No one stands to leave because they all have drinks to finish. And I know what’s coming. Uncle Nicky will get on to his favourite subject before I can push them all out of the door. Amber squeezes past Dad and fetches a beer bottle. I call across to her, “Not for me, Amber.” She knows that means no more beer for anyone. I’m not in a mood for small talk. Bloody Skylark.
Uncle Nicky
raps the table with his knuckle, leans forward, spoiling for a scrap. “If the migrants are coming out of indentures in droves, what’s going to happen here in the enclaves? Where are they going to live? That’s what I want to know.”
I tell him to stop fretting about things that don’t affect us, that the migrants will get the old enclave flats. He wouldn’t want to live there. We should see them as a new cheap labour source, and we might need them now that Skylark’s gone into retirement. But I can’t be bothered arguing with Uncle Nicky. He wants something to complain about, is all.
Trish peers round to eyeball Uncle Nicky. “I met my woman in the housing department last week. Took her for lunch. She’s partial to lunch meetings. She says the new laws for naturalised migrants will make a difference. She says they’ve had to act because these migrants often weren’t inoculated at birth. And even though they’re jabbed as soon as they enter the immigration system, the inoculations aren’t fully effective when given to mature adults. Some of these migrants will still have addictive behaviour, and we all know that brings trouble.”

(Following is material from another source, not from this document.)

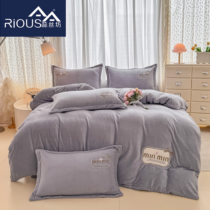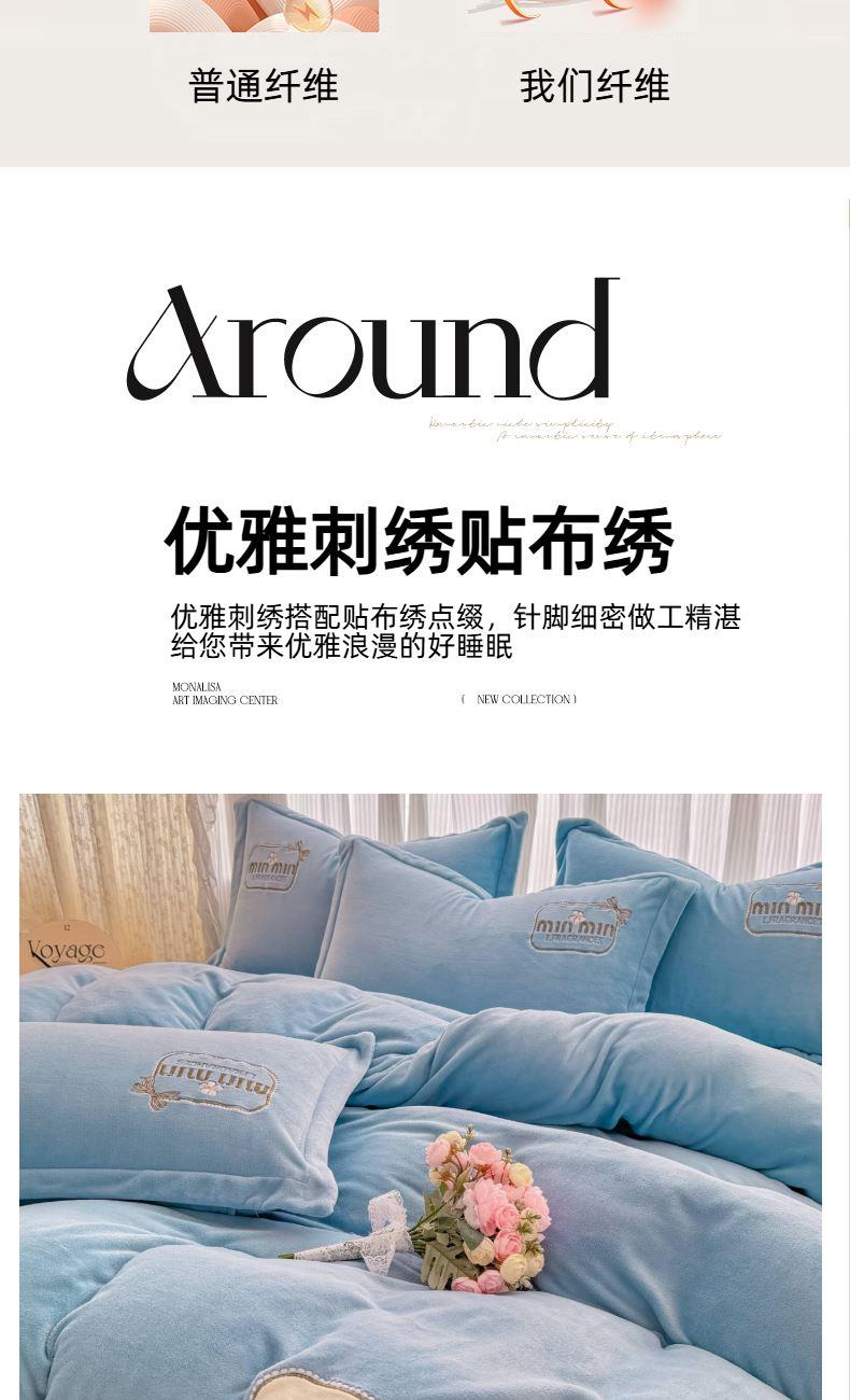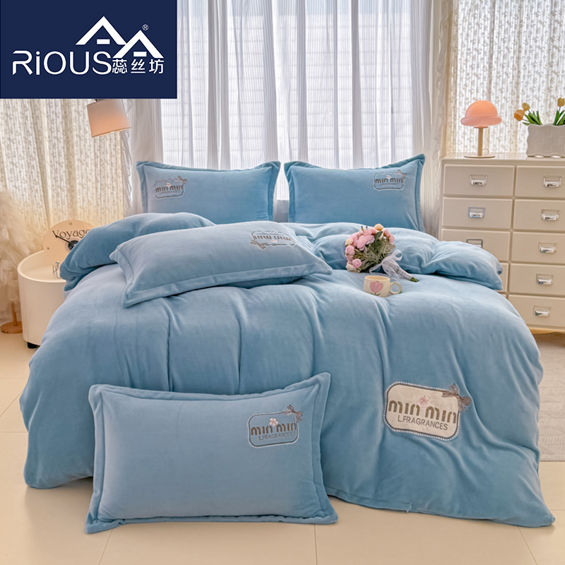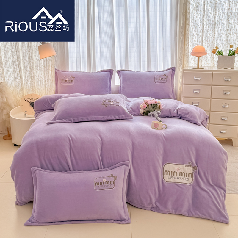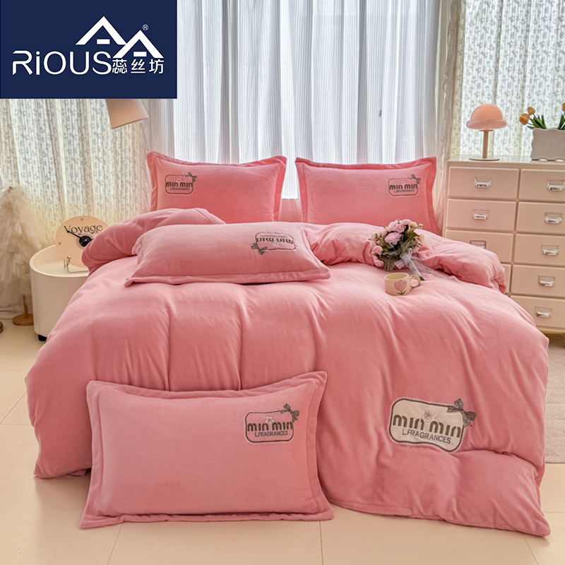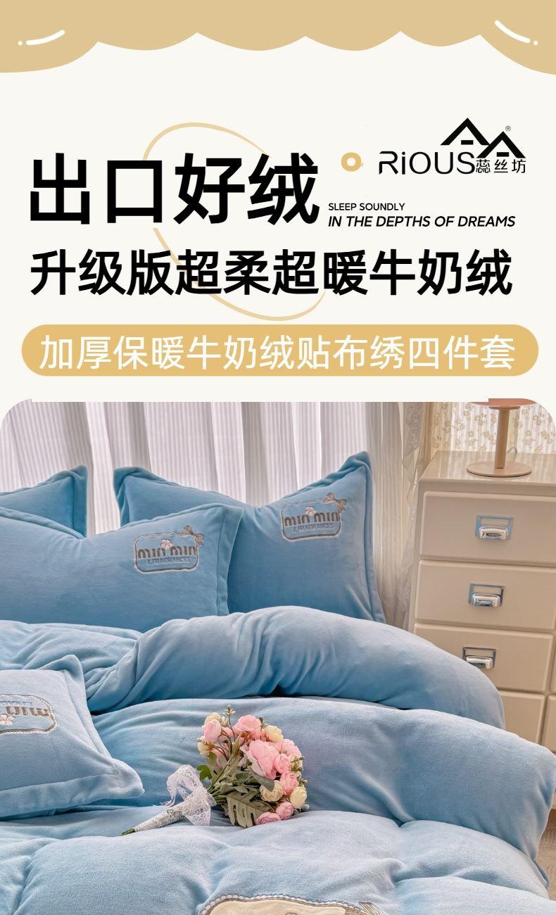 蕊丝坊家纺心动牛奶绒贴布绣花四件套

She’s dead right, there. No one talks these days about the embarrassing grandparents and great-grandparents who were drunks or worse. Trish continues while she has Uncle Nicky on the back foot. “Any naturalised migrant committing a crime, or causing affray, will get five times the tariff that’s applied to people born here, and they’ll serve their sentences back in a migrant detention centre. Or they can choose deportation instead of incarceration.”